When there aren’t any trees around, piste markers may be your only frame of reference. Try and keep at least one in sight at all times, and make sure you’re on the correct side. In France, the poles that mark the right-hand side of the run have orange tips, while those on the left side do not.

They can serve another purpose other than orientation, too; a quick pole jam can liven up an otherwise dull run. Approach the pole with it slighly on your toe side (so you’ll be on the right side of the marker if you’re goofy, the left if regular).

“In the unlikely event that you knock one down, be sure to set it upright again. Someone behind you may be relying on it”

Ollie when you reach the pole, pop a frontside shifty and aim to glance the pole with your back foot. Once you’ve got that dialled, try and incorporate a backside 180 by rotating your shoulders back toward the pole as you take off, then bringing your legs round to meet your upper body after the shifty.

In the unlikely event that you knock one down, be sure to set it upright again. Someone behind you may be relying on that stick to keep them out of harm’s way.

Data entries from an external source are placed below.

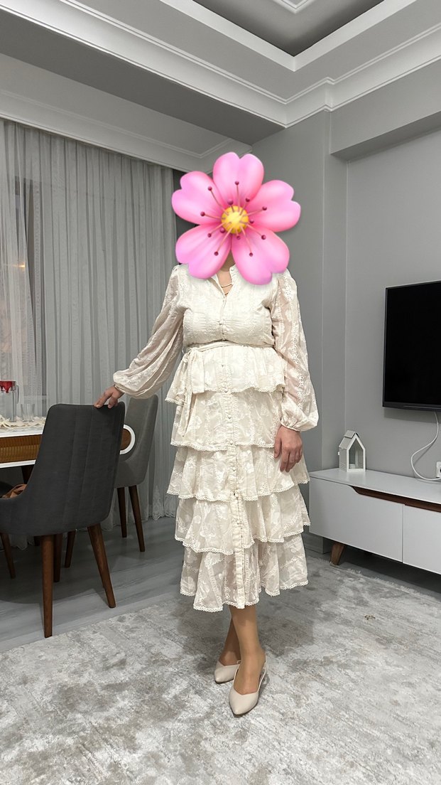 Bu uzun beyaz elbise, bol kesim, fırfırlı detaylar ve yüksek yakaya sahiptir. Yumuşak sentetik kumaştan yapılmış, çiçek desenli ve askılı kolludur, bohem düğünler için uygundur.
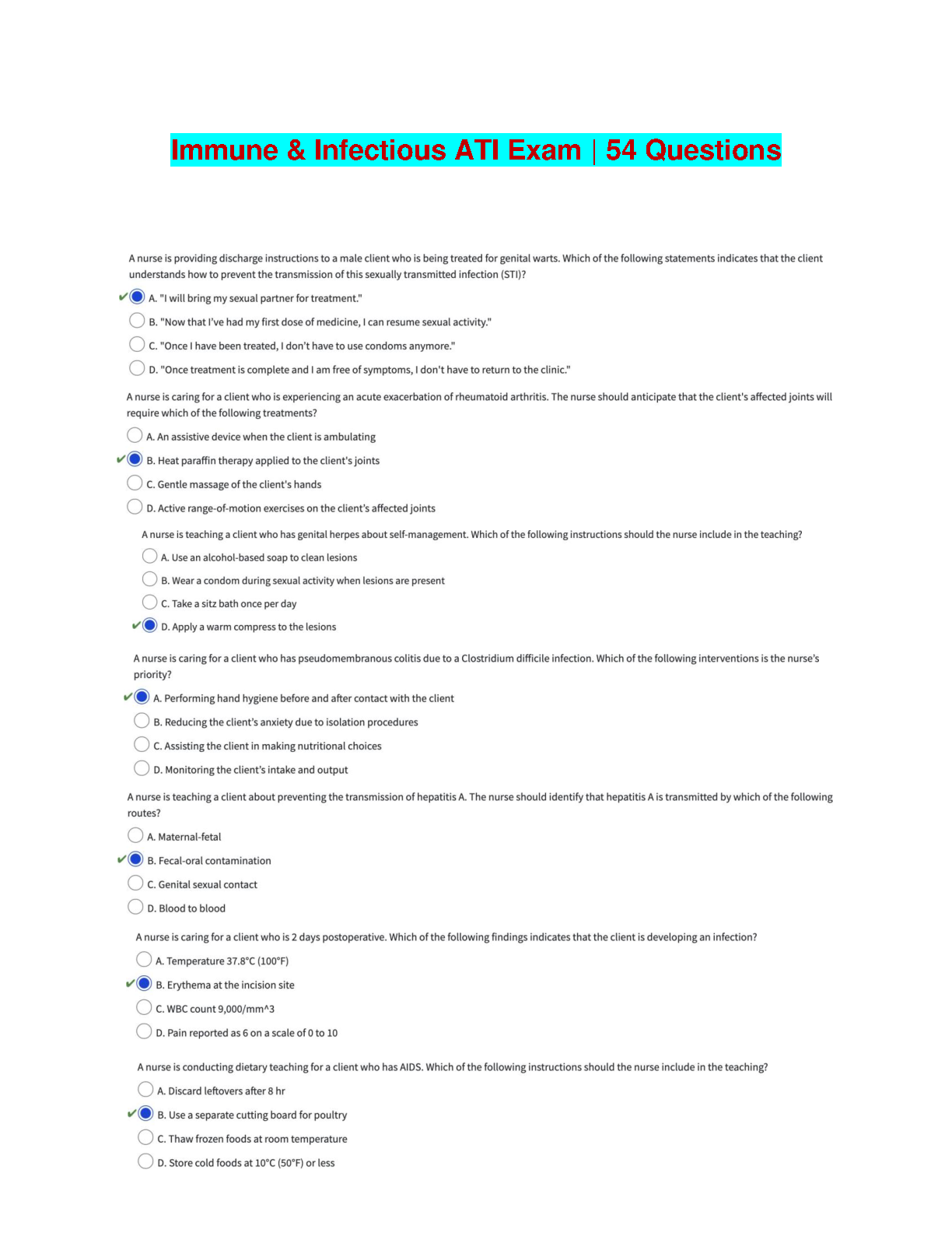 Immune & Infectious ATI Exam: 54 Questions by Unknown Author
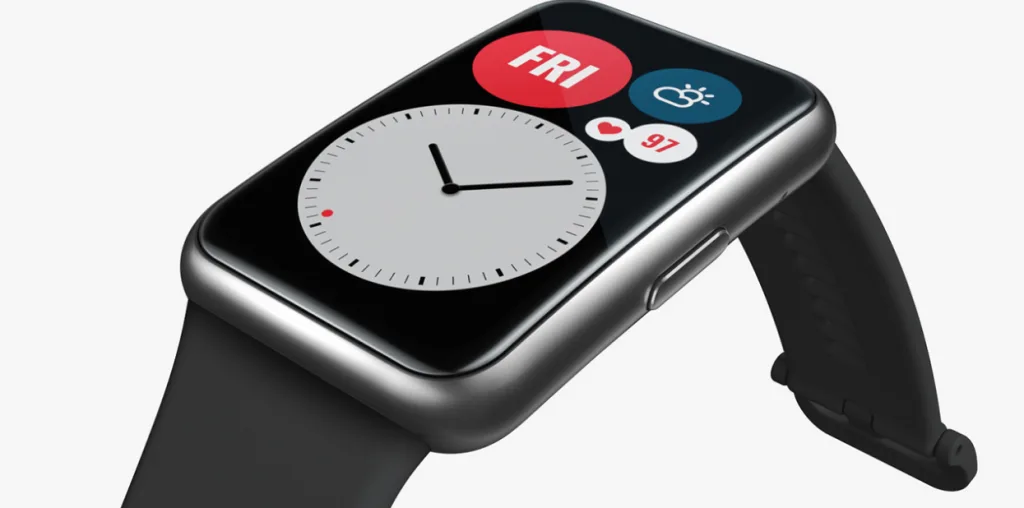 HUAWEI Watch Fit ini mempunyai paparan AMOLED berukuran 1.64 inci dengan resolusi 456 x 280 piksel, dan tepi layar sedikit melengkung di semua sisi. Jam tangan pintar ini terbuat dari “fiber polimer” yang dikatakan mempunyai daya tahan yang kuat.
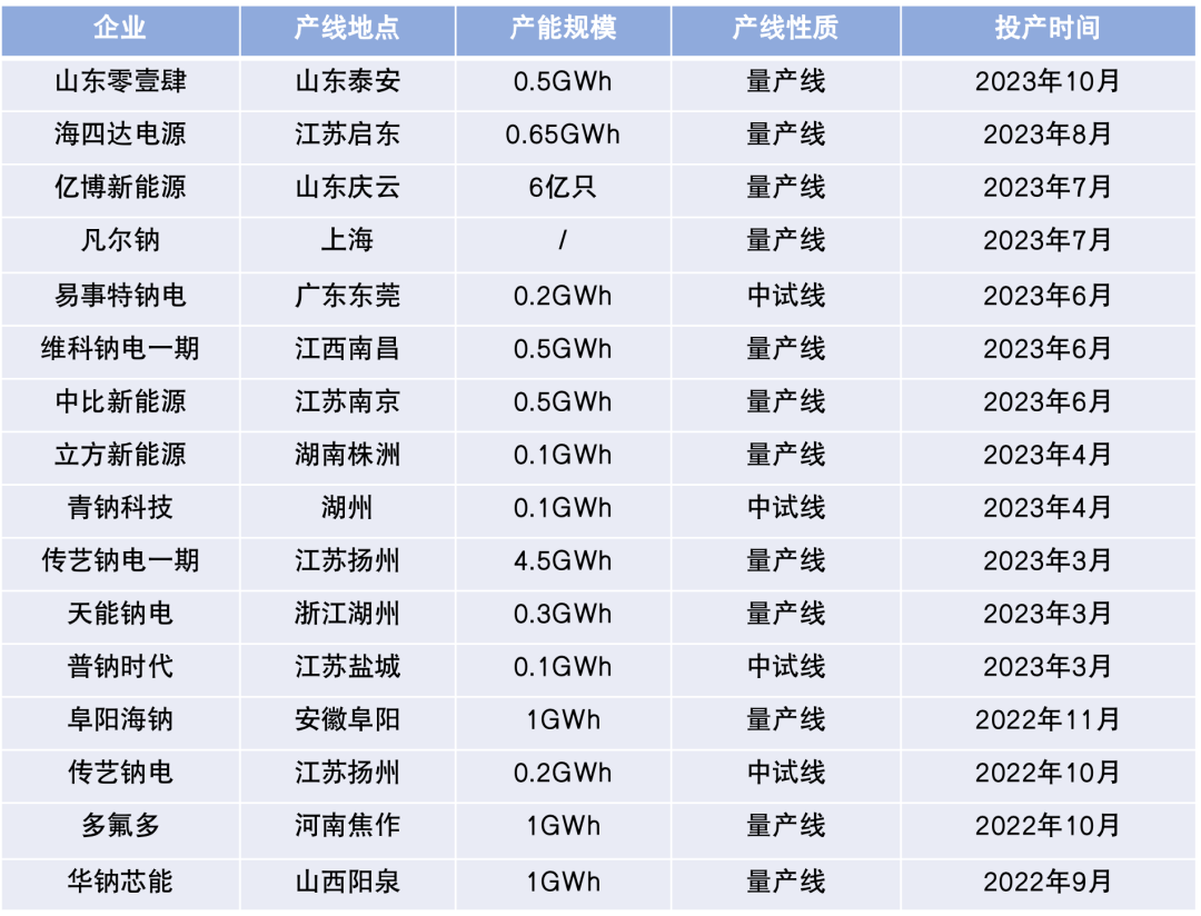 2023年以来已有超22家企业发布了钠离子电池新品、超31家钠电企业获得融资、超80个钠电项目签约/开工。据起点钠电不完全统计,目前宣布投产的企业主要包括阜阳海钠、 华钠芯能、传艺钠电 、多氟多、维科钠电、中比新能源等,合计产能超10GWh,此外还有多家企业中试线投产。

Sparrow Knox, switch back lip over the down-flat-down at the Whitelines Rail Jam in Kaunertal. Photo: Ed Blomfield

If you’re a jib rat then this will go without saying – but even if rails aren’t usually your thing, they’re one of the few features you’ll be able to see on a bad vis day. While any right-minded park shaper will have fenced off the kickers, there should still be some metal up for grabs.

If you’ve never partaken in the past, now’s the time. In a whiteout, no-one will be able to see you gingerly approach your first ride-on box, and the lack of an audience can be a massive confidence booster. Stick at it and you’ll progress quickly – and when the weather improves, you’ll be able to show off the latest additions to your trick bag.

Just check out Jamie Nicholls’ top-to-bottom demolition of the Laax rail line to see what can be achieved in bad vis.


Valerian Ducourtil having a moment of clarity – sort of. Photo: Jerome Tanon

When you can’t see much, it’s not wise to just set an edge and let rip. For all you know there’s a heavy roll up ahead, or even (as they found out in The Gap Session movie, with hilarious results) a wall of snow.

You don’t need to be overly cautious, as that’s no fun at all, but it makes sense to keep your knee and ankle joints soft so that you’re ready to improvise. Think jazz rather than heavy metal, Neo from The Matrix rather than The Terminator.

It might sound cheesy, but occasionally you’ll feel pretty ‘zen’ as you negotiate the white nothingness in front of you, and it’s a feeling you won’t soon forget.